Tuesday, February 12, 2008

Sea the World!

Today I went diving again and all ( or at least some ) of those things I had meant to say about it before came flooding back. As much as possible I will limit my use of words like beautiful, gracefulness, magical, breathtaking etc. It's difficult though.

The colours of the fish are pretty much indescribable, the variety and seeming randomness of it all has no doubt bolstered many a man’s belief in God. I instead will postulate the existence of a little man in a cave under the waves, who decorates the fish using only a bottomless pot of rainbow paint and an intimidating imagination, whilst surviving on a diet of magic mushrooms.

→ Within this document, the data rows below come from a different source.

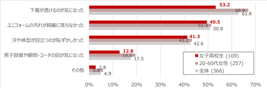 白ユニフォームを着用して「困ったことがある」と回答した女子高校生は48.7%でした。具体的には、「下着が透けるのが気になった」(53.2%)、「汗や体型が目立つのが恥ずかしかった」(41.3%)などが上位に挙げられています。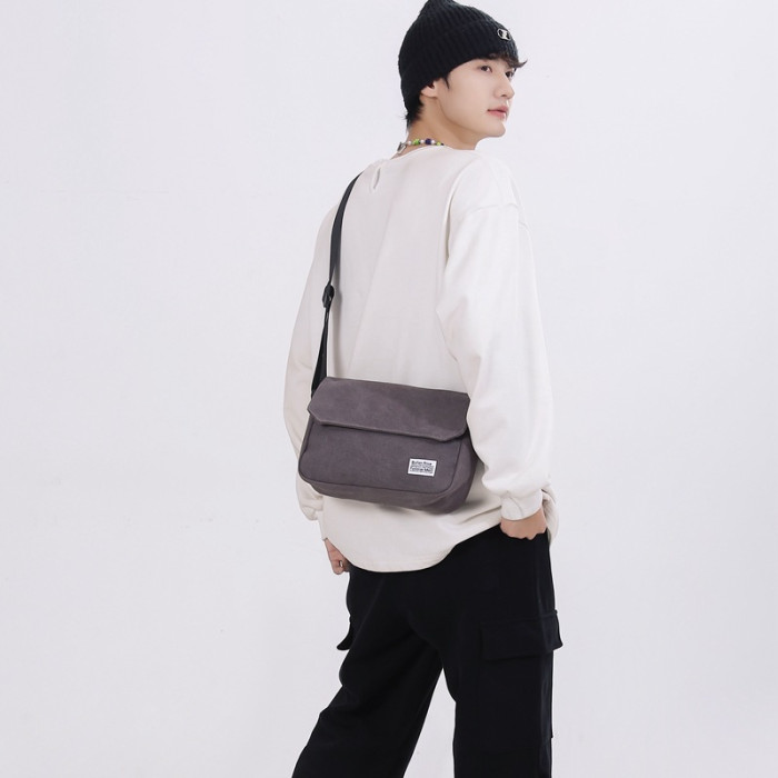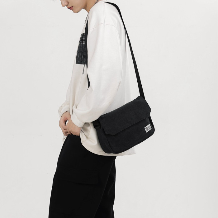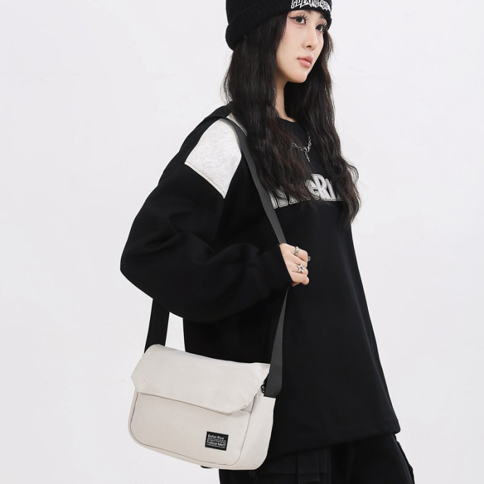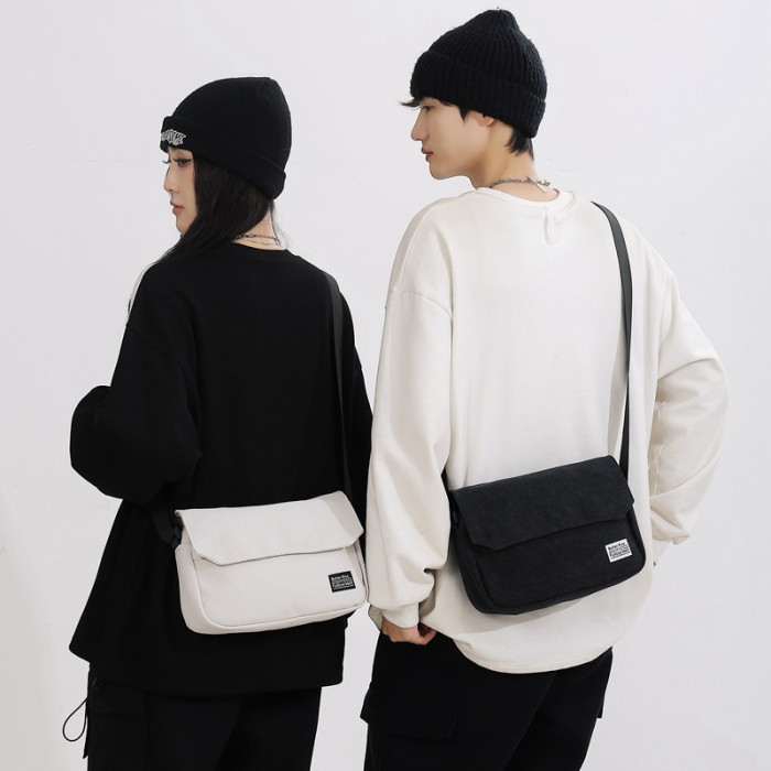 單肩包男女休閒情侶斜後背包包純色日系新款差包包男女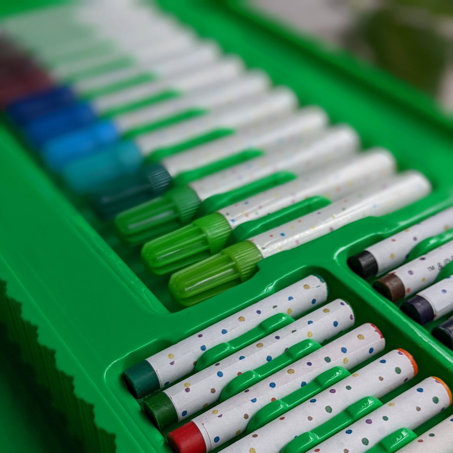 WHAT’S INCLUDED IN THE SET: The mixed art set includes 24 colouring pens, 12 colouring pencils, 12 paints, 1 mixing palette, 1 paint brush, 12 oil pastels, 12 crayons, 1 pencil, 1 eraser, 1 sharpener, 1 tube of glue, 1 mini stapler, 1 pair of scissors, 1 ruler and 6 paper clips.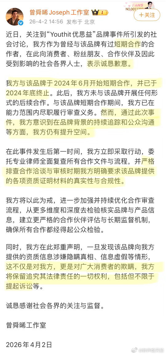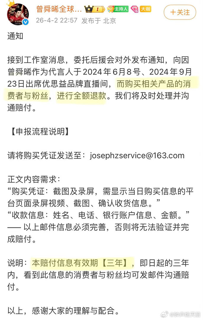 曾舜晞真的很有担当优思益是两年前的短代,依旧道歉➕全额退款,甚至赔付期还是三年,比代言时间还长,很有责任心了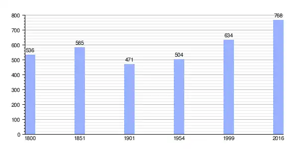 | Gráfica de evolución demográfica de Lézigné entre 1800 y 2016 |
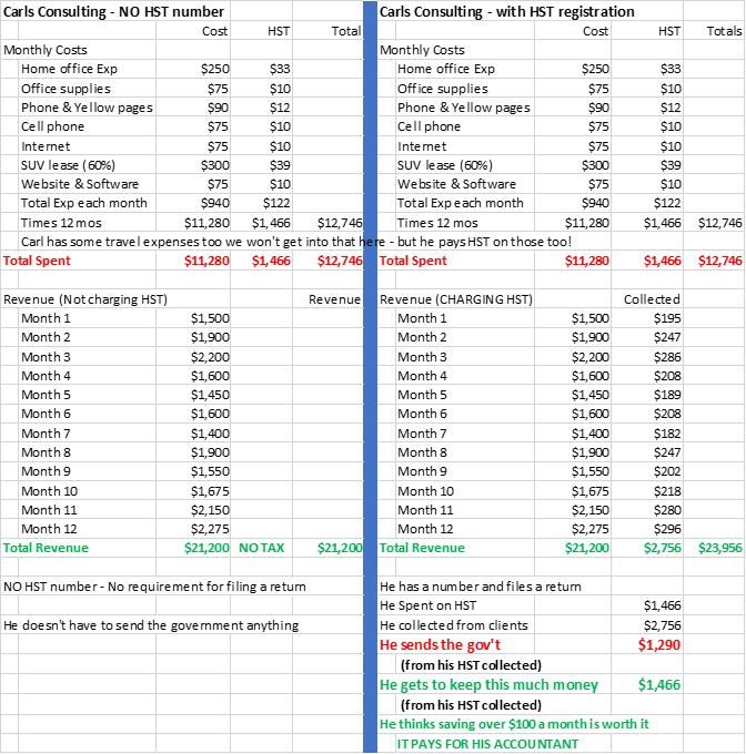 As you can see from these models, it’s hard to make a case for NOT registering to collect HST! Even if you only spend $5,000 each year on business expenses - the HST is $650 - and it’s year after year after year.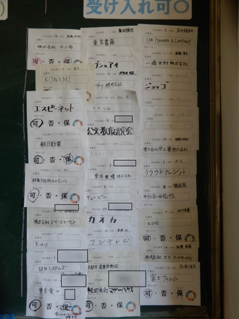 修学旅行の班別研修の企業訪問場所がかなり決まってきました。まだアポイントがとれなかったり、返事待ちの班はついに一桁となりました。次は訪問して何をするのかを考えていくようです。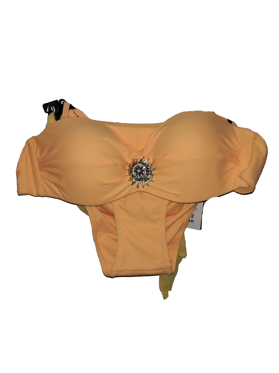 Купальник женский современного кроя. Раздельный. Форма чашками горчичного цвета с вставкой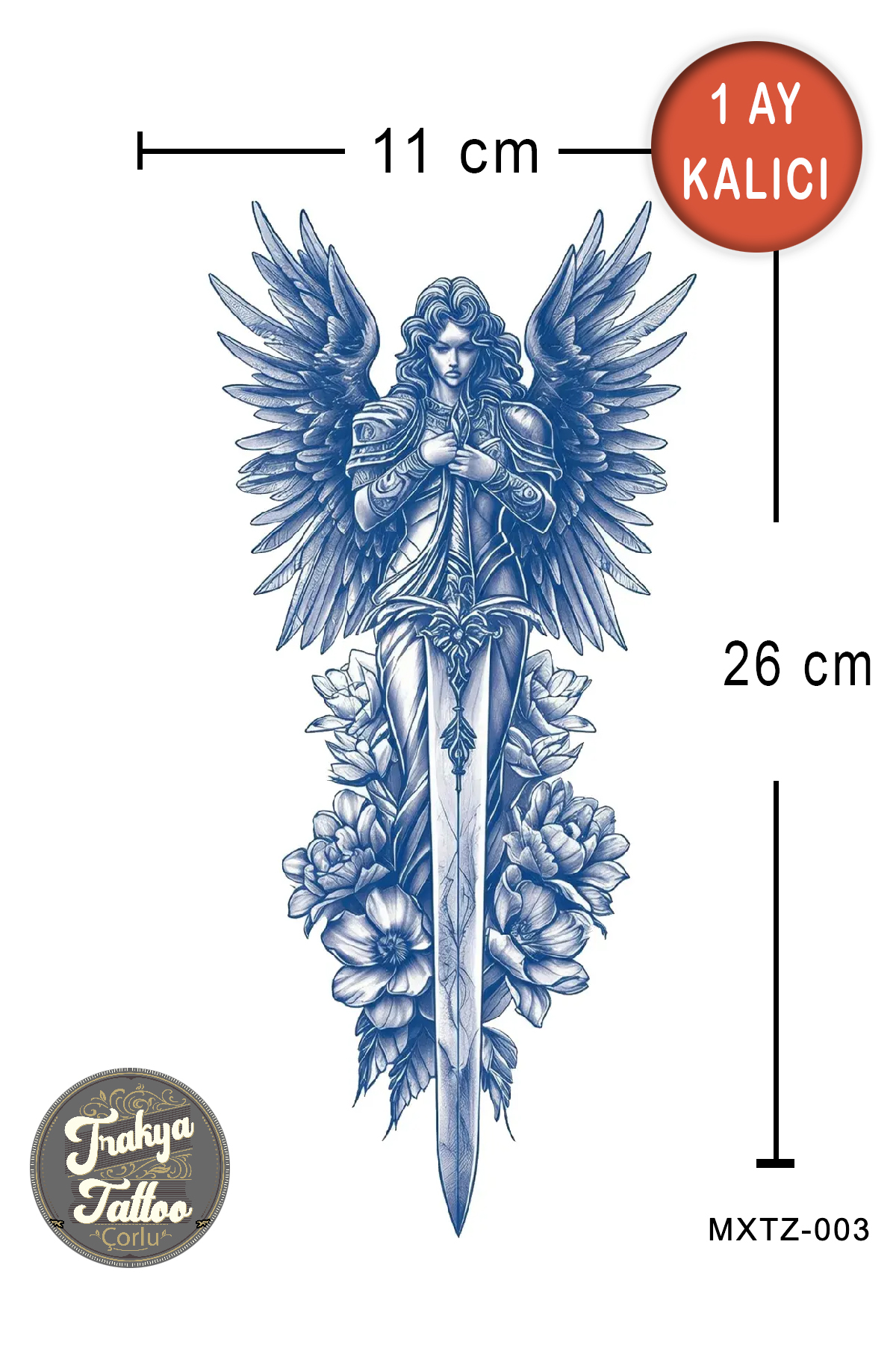 1 Ay Kalıcı Dövme Orta Boy Katanlı Düşen Melek Geçici Dövme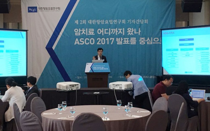 ´ëÇÑÇ׾Ͽä¹ý¿¬±¸È¸(ȸÀå °ÁøÇü)´Â 21ÀÏ ±âÀÚ°£´ãȸ¸¦ °®°í ASCO¿¡¼ ¹ßÇ¥µÈ ¾Ï Ä¡·á °ü·Ã ÁÖ¿ä ÀÓ»ó °á°ú¸¦ ÀçÁ¶¸í Çß´Ù.[»çÁø]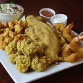 Shrimp, catfish, oysters and crawfish tails. Served with shoestring fries, hush puppies, and coleslaw.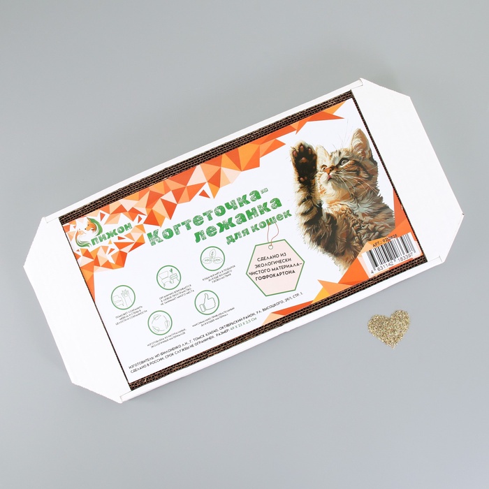 Он выполнен из гофрокартона, который изготовлен из природного материала - древесины и по своим свойствам очень на нее похож, чем и привлекают наших питомцев. Он достаточно плотен, чтобы выдержат острые коготки, и оптимально податлив, чтобы привлекать кошку.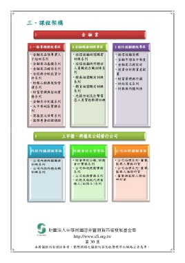 三、課程架構 財團法人中華民國證券暨期貨市場發展基金會 http://www.sfi.org.tw 第 30 頁 本冊課程內容僅供參考,實際開課之課程內容及收費標準以網路公告為準。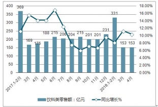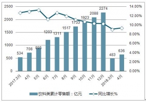 2019年4月份飲料類零售總額達153億元,與去年同期增長10.4%。2019年1-4月中國飲料類零售總額達636億元,與去年同期增長9.4%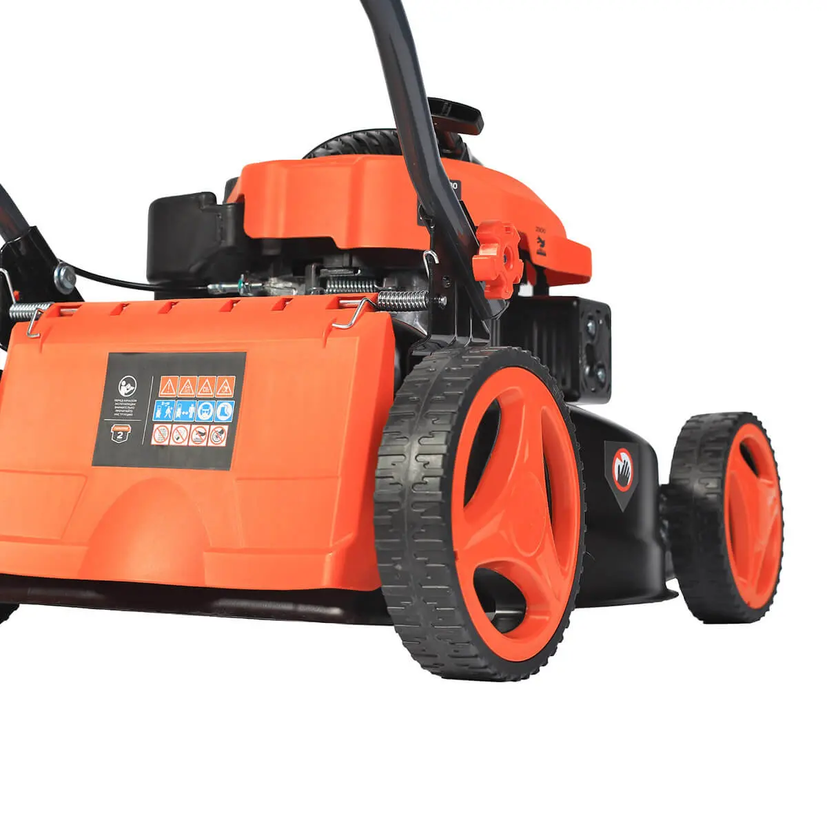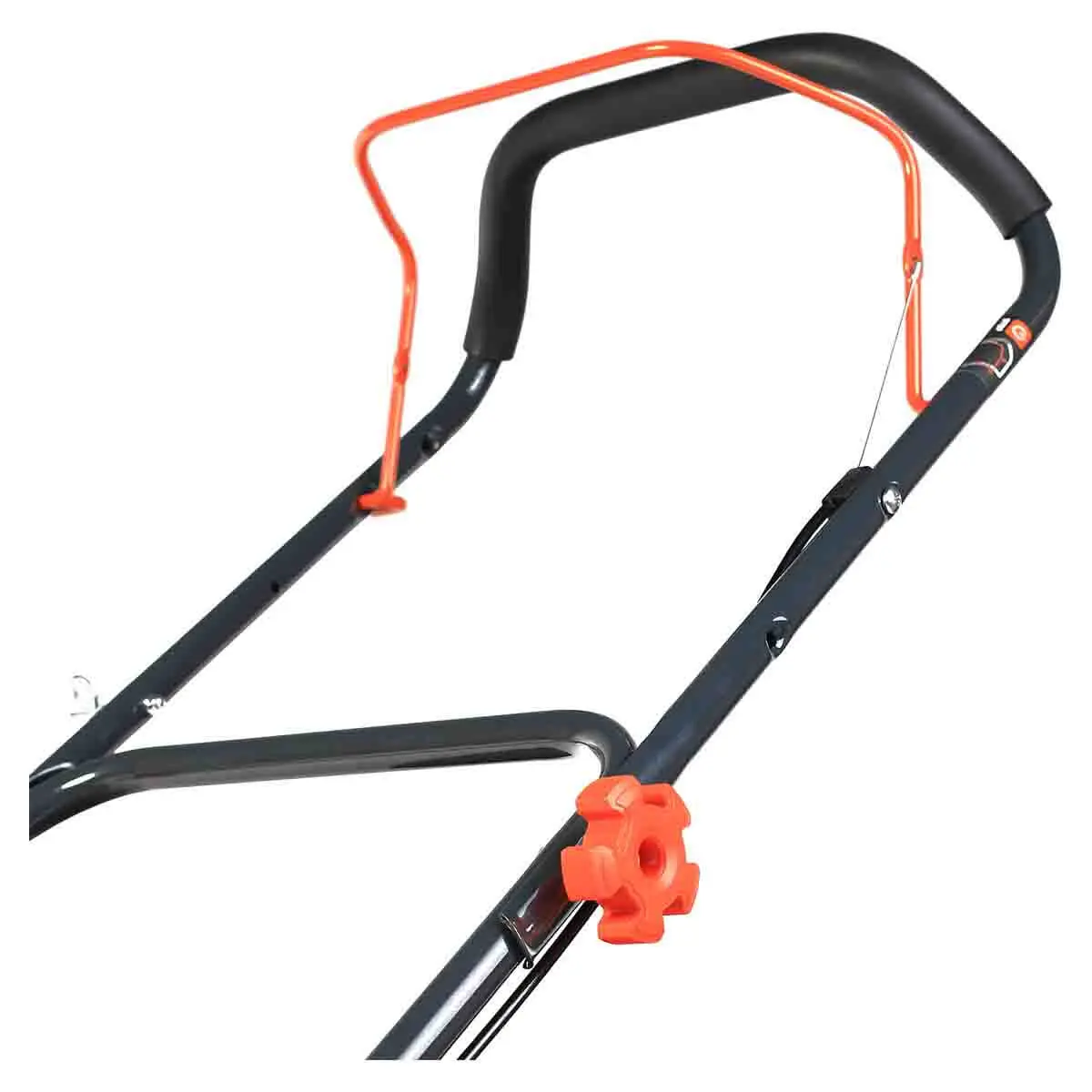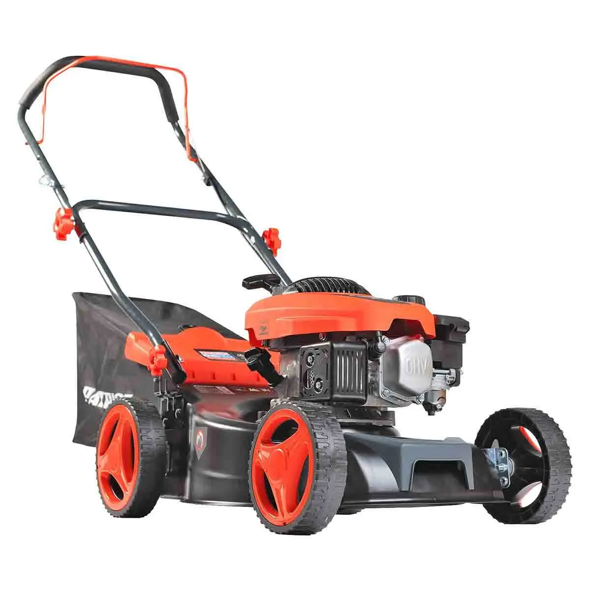 Для вашего удобства техника оснащена складной рукояткой, что делает ее компактной и удобной для хранения и транспортировки. Благодаря съемному травосборнику вместимостью 45 литров, вы можете собирать траву без необходимости частой остановки и очистки контейнера.

For me it is the only logical explanation.

The most impressive colours belong to the smallest in the sea whereas sharks, deliberately grey and background, impress instead with their size and potency. I’ve seen four of them aligned on the bottom, sitting out a strong current in formation, like fighter planes grounded by high winds. And these were reef sharks, the most pedestrian of sharks, but with white tips on the end of their fins like wing markings. On the same dive, while tacking across the current to avoid being slingshot off into the blue, I crossed over a green turtle. He passed a foot under me, his shell as big as a coffee table and the urge to reach out and hitch a ride was overwhelming, but we are schoolchildren touring a reactor, do not touch. The turtles are probably my favourites, they do not swim, they glide, taking off and landing. They look wise and patient, the owls of the underworld.

There are obviously a lot of species which deserve a mention. There’s the famous little clownfish who to be honest seemed a little cranky to me, guarding their little underwater shrubs so jealously. They zip out to meet you and audibly (if you listen close enough) bark at you and then disappear back into their shrub like a small dog back between its owners legs. The juvenile harlequin funnylips is like the clownfishes flamingly flamboyant, carefree cousin, his frilly fins whirling and spinning into each other so that you can’t tell where one starts and another begins. He bounces around upside down, no doubt humming a tune to himself as he nibbles his way along the sea bed. There's the not-so-fun banded sea snake, the black and white stripes of Danger! conveniently identifying him as containing enough poison to kill 15 of us mere men. And yet he is 3 feet from us and we are trying to get even closer as he weaves gracefully through the coral. Then there's the little cowfish with his big eyes and a body shaped like he's swallowed a building block. He doesn't so much swim as put-put around on his hover fins. Crocodile fish, the overdressed lionfish, the speckled leopard sharks, the angry and stout not-so-little titan triggerfish, the tripped out sea slugs, the list is already too long.

At one of the dive sites you swim out a mere 5 metres from the shore and a sea cliff drops away under you, ultimately to a depth of 2000 metres, imagine taking your kids there for a dip. Another time I snorkelled along the top of a slope where the shallows ended and the seabed disappeared downwards. Sand passed steadily under me and down the slope into the darkness and I felt as if I was perched on the rim of a giant egg timer which was gently willing me into its depths.

Going into the blue is to swim away from any features, in our case the sea wall we had been handrailing, until all around you is a blue infinity. With only your dive buddy as a handle you no longer have any relation to anything concrete, you are suspended in an empty void. It strikes me as one of those human sensations unencountered anywhere else in our existence, as with free falling from a plane perhaps. Once I’d drank my fill, I fixated on my buddy’s back and willed myself not to fall into the hysteria that was nibbling at the edges.